Fixed an issue where locally created certificates had duplicate serial numbers because the firewall did not check the serial numbers of existing certificates signed by the same CA when generating new certificates.

Fixed an issue where the firewall failed to send a TCP reset (RST) to the client-side and server-side devices when an application had a reset-both deny action in its security policy.

Fixed an issue where Panorama allowed you to configure a decryption type on No Decrypt policies. When Panorama pushed these policies to firewalls, it set the decryption type to the default value SSL Forward Proxy. With this fix, when you select No Decrypt as a policy rule action, Panorama disables configuration of the decryption type.

In response to an issue where LACP flapped intermittently due to negotiation failures, priority for LACP processing is enhanced to mitigate flapping, and additional debug options are added to help isolate negotiation failures.

Fixed an issue where purged software packages appeared in the list of uploaded software packages. With this fix, the software list will no longer display purged software packages.

Fixed an issue where Online Certificate Status Protocol (OCSP) verification failed when using non-CA certificates. With this fix, you can configure a non-CA certificate as an OCSP Verify certificate (Device > Certificate Management > Certificates Profile > Add). Note that if you use a non-CA certificate and then downgrade to a PAN-OS release that does not include this fix, auto-commits will work, but manual commits will fail.

Fixed an issue where IPSec VPN tunnels failed to establish if you used dynamic VPNs and mixed IKEv1 and IKEv2 on the static device.

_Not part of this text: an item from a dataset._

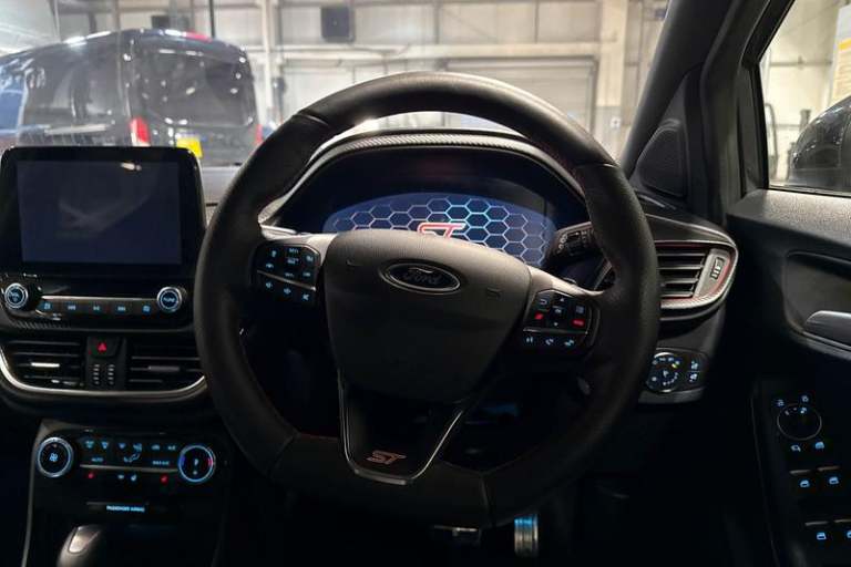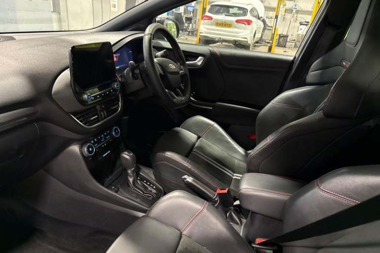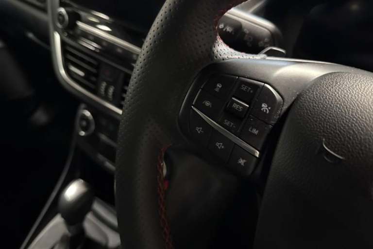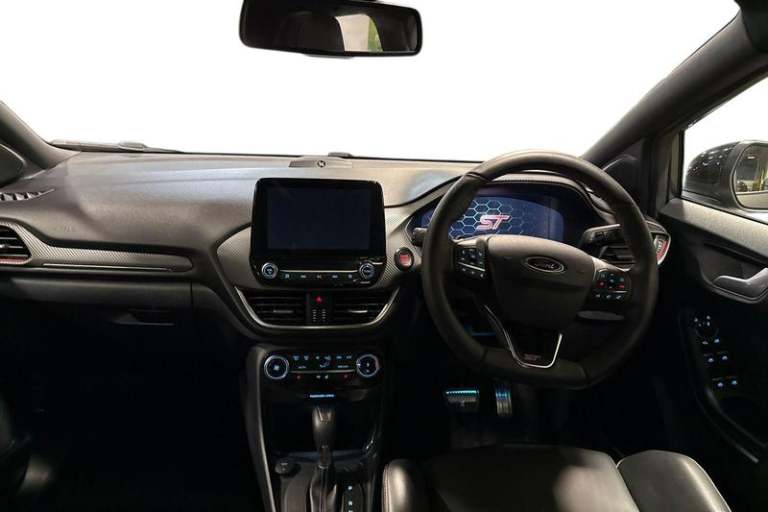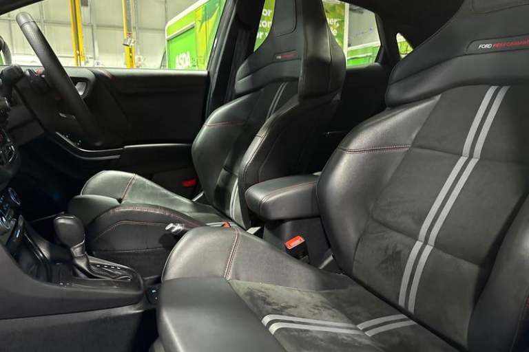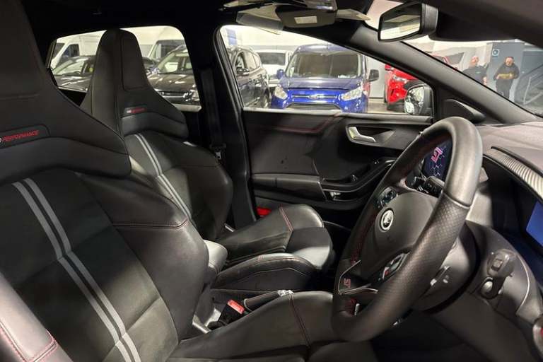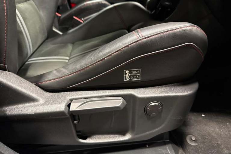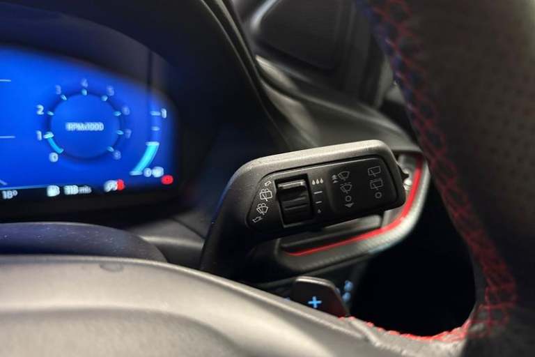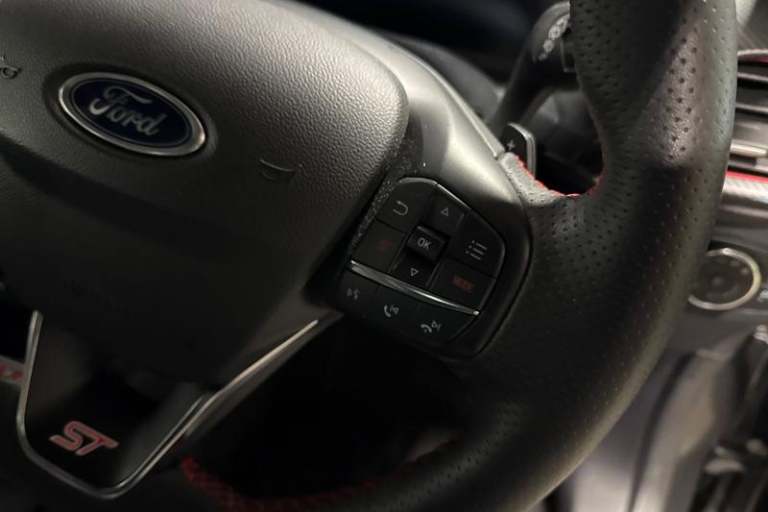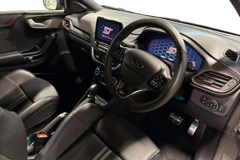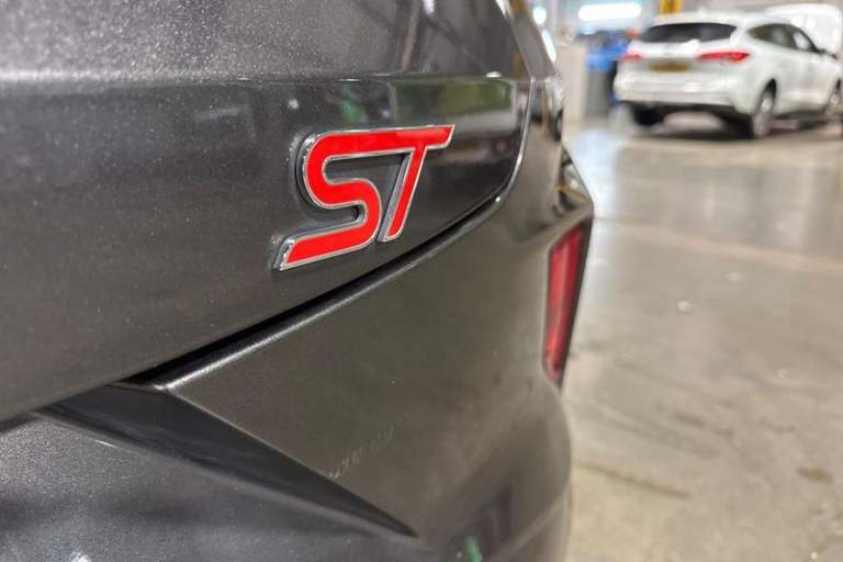 Cruise control with Intelligent speed assist, Driver impairment monitor, Emergency call service, Ford easy fuel, Front and rear parking sensors, Full digital 12.3 instrument cluster, Lane keeping aid with lane departure warning, Power assist steering, Selectable drive modes (normal, sport, eco, track), Speed sign recognition, Automatic headlights with auto high beam, Automatic rain sensing wipers, Dual chrome exhaust, Fixed LED signature headlamps, Front fog lamps, LED daytime running lights, LED rear lamps, Power foldable heated door mirrors with puddle lamps and puma logo protection, Privacy glass to side rear windows and tailgate glass, Quickclear heated windscreen, Rear side wing doors, Rear wiper, ST scuff plates, Third brake light, Unique ST body styling kit including wing mirrors and Ford Performance embossed splitter, 3 seat bench in 2nd row, Alloy sports pedals, Centre console with armrest and stowage, Ford megabox extended bootspace, Ford Performance sensico partial premium leather upholstery with metal grey stitching, Front and rear floor mats, Front and rear head restraints, Manual 6 way driver seat adjust with lumbar adjustment, Manual 6 way passenger seat with lumbar seat adjustment, Single front passenger seat, ST flat bottomed steering wheel with metal grey stitching, ST logo projection, Unique ST gear shift knob, Wireless charging pad with electronic air temperature control (EATC), 3 rear seatbelts, Child safety lock, Electronic stability control (ESC) and

Fixed an issue where the hostname obtained from a Panorama template for a firewall reverted to the default hostname. This issue occurred after the management server process on the firewall (mgmtsrvr) restarted following an event such as a PAN-OS update or firewall restart.

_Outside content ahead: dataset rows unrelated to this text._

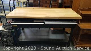 Lot #0022: NXA Steel 2-Drawer Wood Top 58" Work Bench
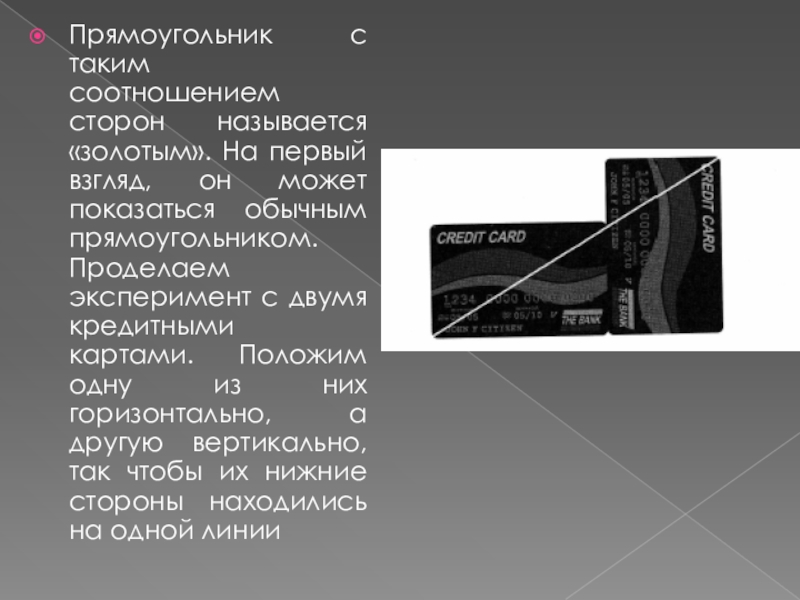 Слайд 7Прямоугольник с таким соотношением сторон называется «золотым». На первый взгляд, он
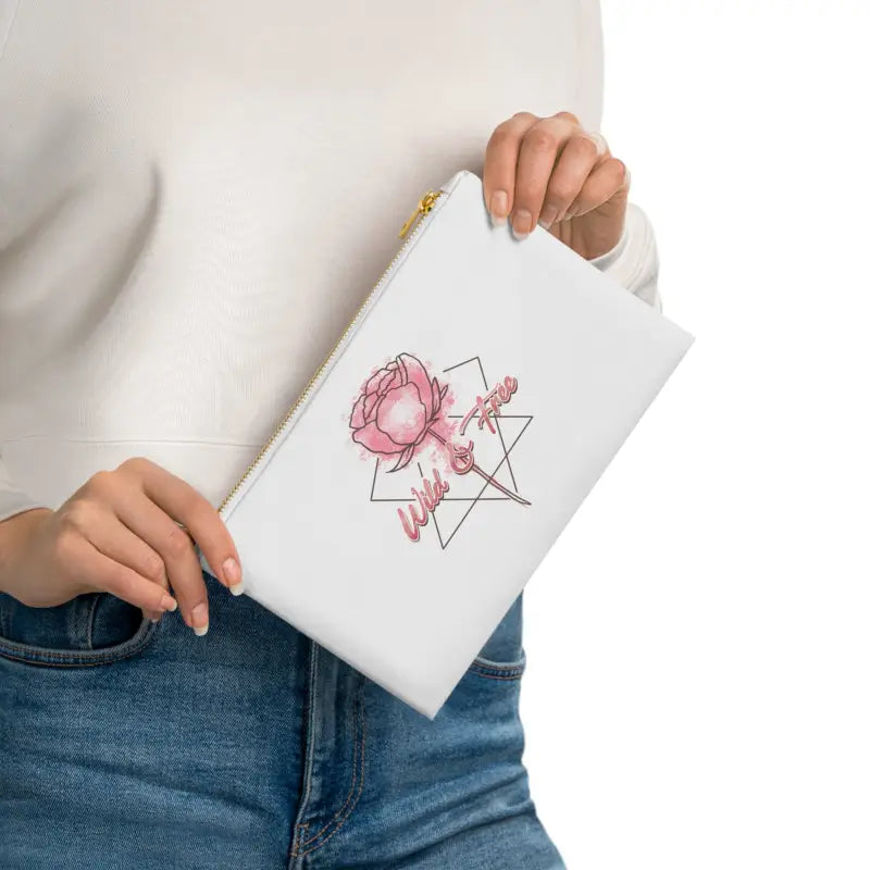 Wild and free, Cosmetic Bag. Made with 100% cotton canvas, this cosmetic bag brings out the chic in your style. Coming in at 9.5” by 7” size, it features a gold color zipper along with a lined interior for both added fashion points as well as durability. Add your own design and travel with all your supplies or valuables stylishly organized.

Fixed an issue where PDF exports of custom reports generated using Run Now did not display hostnames obtained from reverse DNS lookup.

Fixed an issue where IPSec tunnels flapped randomly because a race condition between two processes (mprelay and pan_task) caused duplicate tunnel monitoring ICMP packets with the same sequence numbers to be sent, which disrupted IPSec tunnel state.

Fixed an issue where the management server process (mgmtsrvr) had an out-of-memory condition and restarted, causing a loss of uncommitted changes.

Fixed an issue on Panorama in an HA configuration where synchronization failed after a commit with the message, Committing mgt settings failed. Could not read merged running config from file. This issue occurred when WildFire updates created a race condition with HA synchronization.

Fixed an issue where the top half of text lines failed to display correctly in the PDF version of the App Scope Threat Monitor Report (Monitor > App Scope > Threat Monitor).

Fixed an issue where a custom role administrator who had threat log viewing privileges disabled could view threat logs in the Unified log view.